## Sunday, 29 November 2009

### LED Current Calculation

At first glance, the calculation of current to an LED seems simple – you need a resistor to limit the current flow to the LED so it doesn’t draw to much and burn out.

But what value of resistor do you need, and how do you work that out?

It turns out the answer gets quite complicated, mainly due to the forward voltage (Vf) property of an LED. Forward voltage, voltage drop, or Vf, indicates the voltage that the LED reduces the circuit voltage by when current is flowing through it. The value of Vf varies according to the current and the colour and quality of the LED. As a rough guide:

 Red 1.7Vf Green 2.2Vf Yellow 2.1Vf Blue 4.5Vf White 3.4Vf

So what does that mean? Well basically it means that having an LED in your circuit will reduce the voltage in the circuit by the amounts shown above.

All of the voltages in the circuit are relative to the source voltage (Vs).

So if I have a 6V lantern battery (6Vs) and I hook up a green LED to it, suddenly there’s only 3.8V flowing through the rest of the components in the circuit.

To prevent the LED from burning out, you need to limit the amount of current that flows through it, usually to a maximum of between 20 and 30 milliamps (mA). The way you do that is by using a current-limiting resistor.

To calculate the required resistor value, you need a new voltage measurement: Vs –Vf, or Vresistor. Vs-Vf is the amount of voltage flowing through the ‘other components in the circuit’, namely the current-limiting resistor being used to restrict current flow through the LED and prevent damage occurring to it or the rest of the circuit.

LEDs are pretty flexible and they will happily light up with 5mA or even less. With smaller currents they will not be at their brightest and it will be much nicer to see them shining away with their maximum of 20mA or 30mA.

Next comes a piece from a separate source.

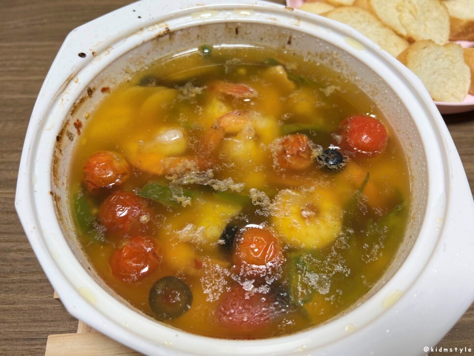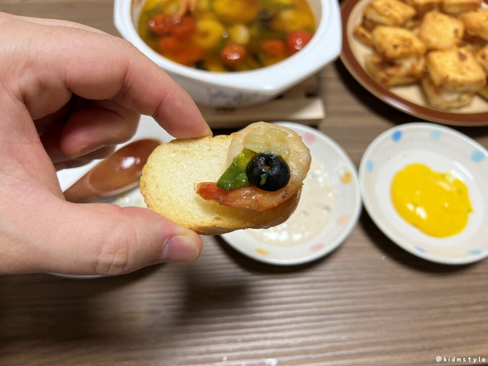 올리브오일에 푹 담근 바게트 위에 새우와 올리브를 올리고 맛본다. 맛이 괜찮다. 와~하고 눈이 번쩍 뜨일 정도는 아닌데 무난하게 먹기 좋은 것 같다. 마늘 등 재료를 더 추가해서 먹는 것도 괜찮은 방법이겠다.

So as an example, lets say I have a red LED rated at a maximum 30mA and I want to light it up as brightly as possible with the full 30mA current supply. How would I calculate the resistor values required? To do that you need to go back to Ohm’s law and apply a bit of theory. Ohm’s law states that current is equal to voltage divided by resistance:

I = V/R

or in this case I = Vs-Vf / R

Lets take our 6V lantern battery and a red LED to start with. In the chart above the red LED’s Vf is shown as 1.7 volts. These values are all entirely hypothetical at this point - in reality the LED’s Vf will vary and the battery will not produce a stable 6V. We’re going to start needing some real numbers soon, but as a place to start let’s calculate the resistor you’d need using the chart values and the lantern battery’s theoretical 6V as a voltage source (Vs):

30mA = (6Vs – 1.7Vf) / R

so 0.03A = 4.3V / R

so R = 4.3 / 0.03

so R = 143.3333333333333

so R = 143 ohms

To get started calculating the actual resistor required, you first need to get a more accurate measure of the LEDs real forward voltage drop (Vf). The easiest way to do that is to take a battery and a resistor, hook up the LED and measure it with a multimeter.

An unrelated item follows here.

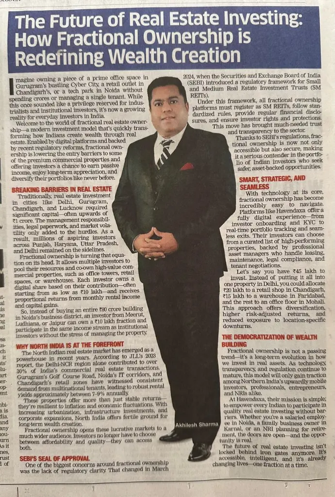 Recent article from a leading business daily on how fractional real estate is redefining wealth creation in India.

The resistor value calculated with the theoretical values should be close enough that nothing will be damaged by using it to test the actual values. Different colour LEDs will vary their voltage characteristics based on the current passing through them so you’ll get inaccurate readings if you supply a different current in your tests. In this case I calculated 143 ohms, which I’ve added to the circuit using a 100 ohm and a 43 ohm resistor in series:

Gator clips are your friend when working with a lantern battery, so that’s how I’m hooking up my LED to test. If you had a 9V battery you’d be better off with a breadboard and a nine-volt battery connector.

Here are the measurements I’ve taken with the multimeter on this circuit:

So the actual voltage of the source was wrong in theory and so was the forward voltage of the LED. If you’d used the theoretical calculated 143 ohms you would have been way off, supplying a mere 26.5mA to your LED and how dull that would be :). A much more accurate calculation can now be made with the real values:

R = Vs-Vf/I

so R = 6.34-2.54 / 0.03

so R = 3.8 / 0.03

so R = 126.6 ohms

so R = 127 ohms

That works out quite nicely because I happen to have a 100 ohm and a 27 ohm resistor in my kit here, so connected in series I can create a 127 ohm resistor. Here’s the LED now fulfilling its potential and shining away with a clear 30mA flowing through it:

I’m still blinking and seeing little LEDs from the image burned into my retina from looking it straight in the eye. A new moon has appeared on the ceiling, an angry red moon. In other words, the thing is on and it’s bright. It is also nice and cool and has remained cool for a few minutes. It should remain cool as it is within its operating parameters. I think I’ll leave it on all day and test that theory (and the staying power of the lantern battery).